Exercise | Without including the pictures, copy out every line below.

Information provided |

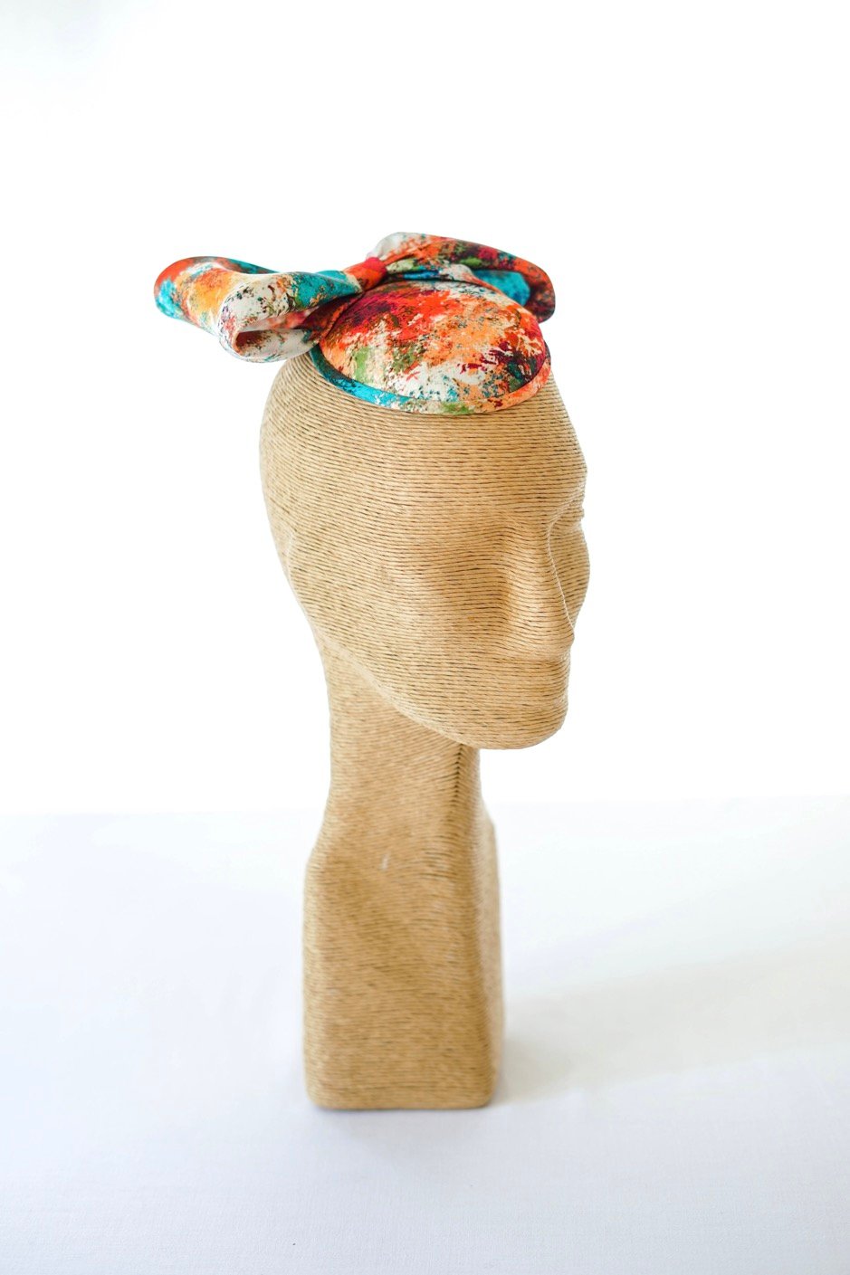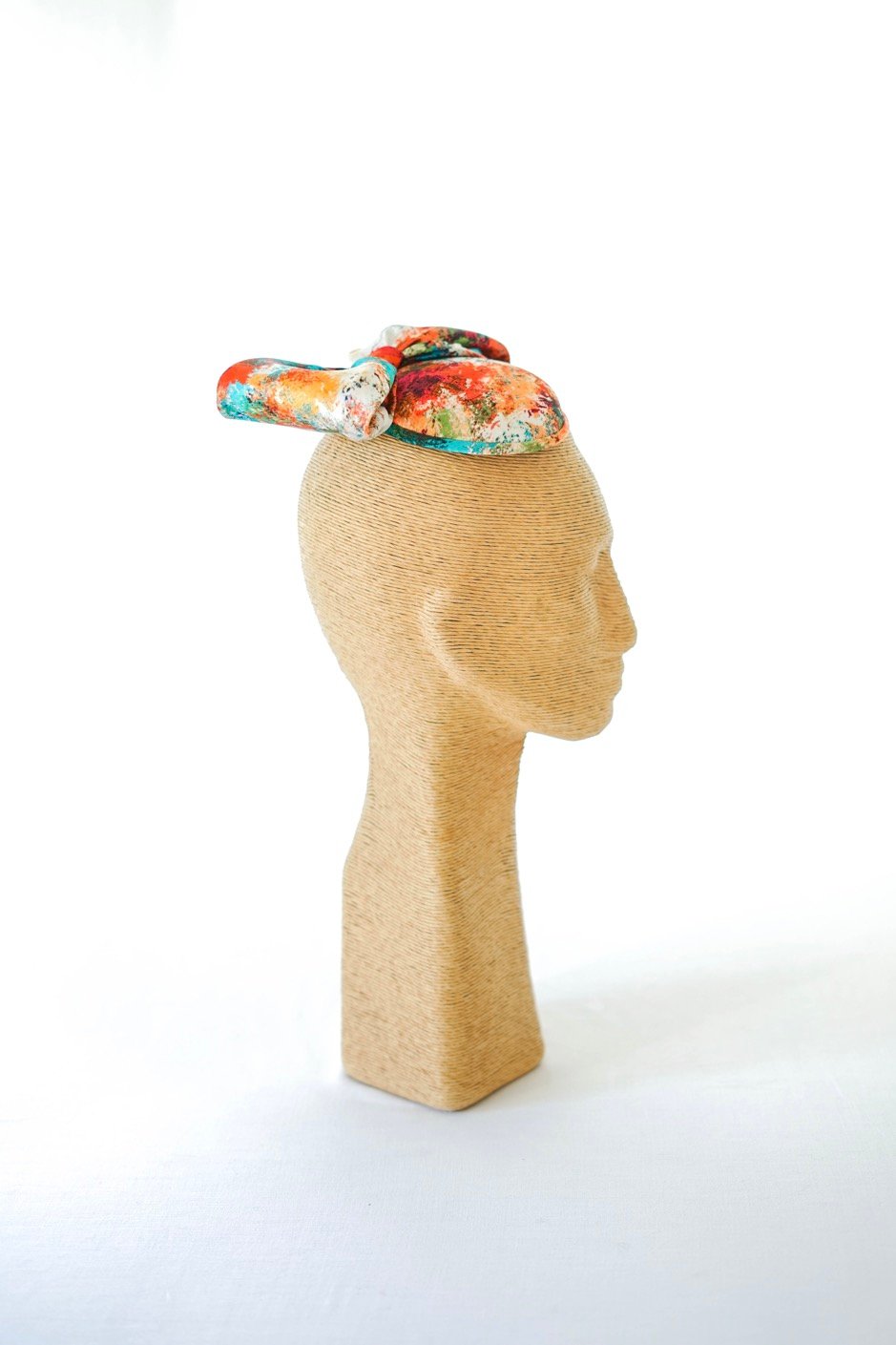 Chapeau de cérémonie CHIARA 435 en crêpe de satin de soie imprimé.
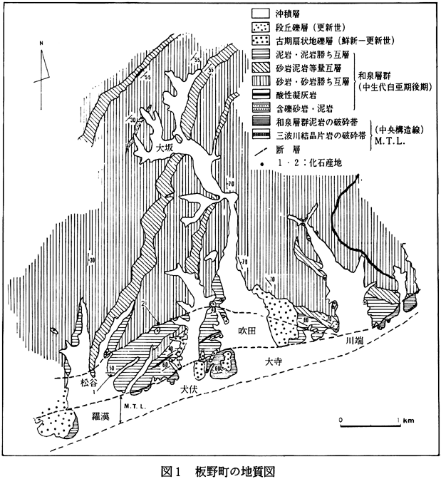 1.はじめに 板野町の地質は、阿讃山脈に分布する和泉層群とその南麓に点在する古期扇状地礫層(土柱礫層相当層)、平野部の沖積層に分けられる。また、山地と平野の境には、中央構造線が位置する(図1)。
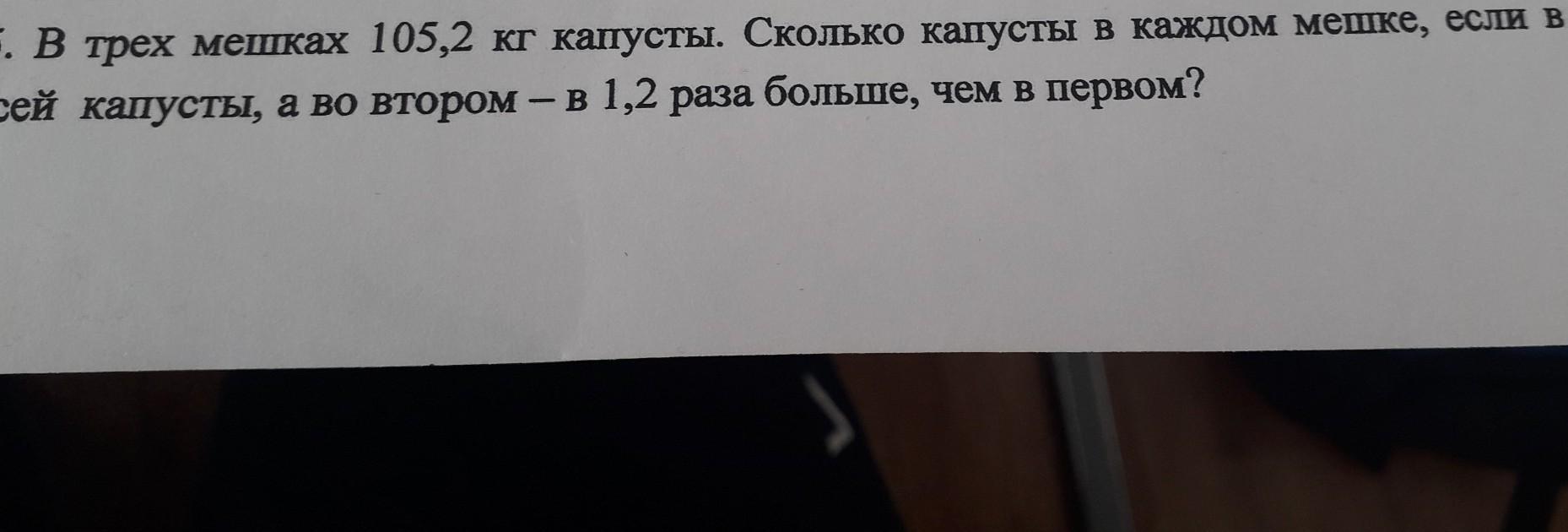 В трех мешках 105,2 капусты.Сколько капусты в каждом мешке если в первом 1/4 капусты а во втором -1,2 раза больше чем в первом

Exercise output |
 Chapeau de cérémonie CHIARA 435 en crêpe de satin de soie imprimé.
 1.はじめに 板野町の地質は、阿讃山脈に分布する和泉層群とその南麓に点在する古期扇状地礫層(土柱礫層相当層)、平野部の沖積層に分けられる。また、山地と平野の境には、中央構造線が位置する(図1)。
 В трех мешках 105,2 капусты.Сколько капусты в каждом мешке если в первом 1/4 капусты а во втором -1,2 раза больше чем в первом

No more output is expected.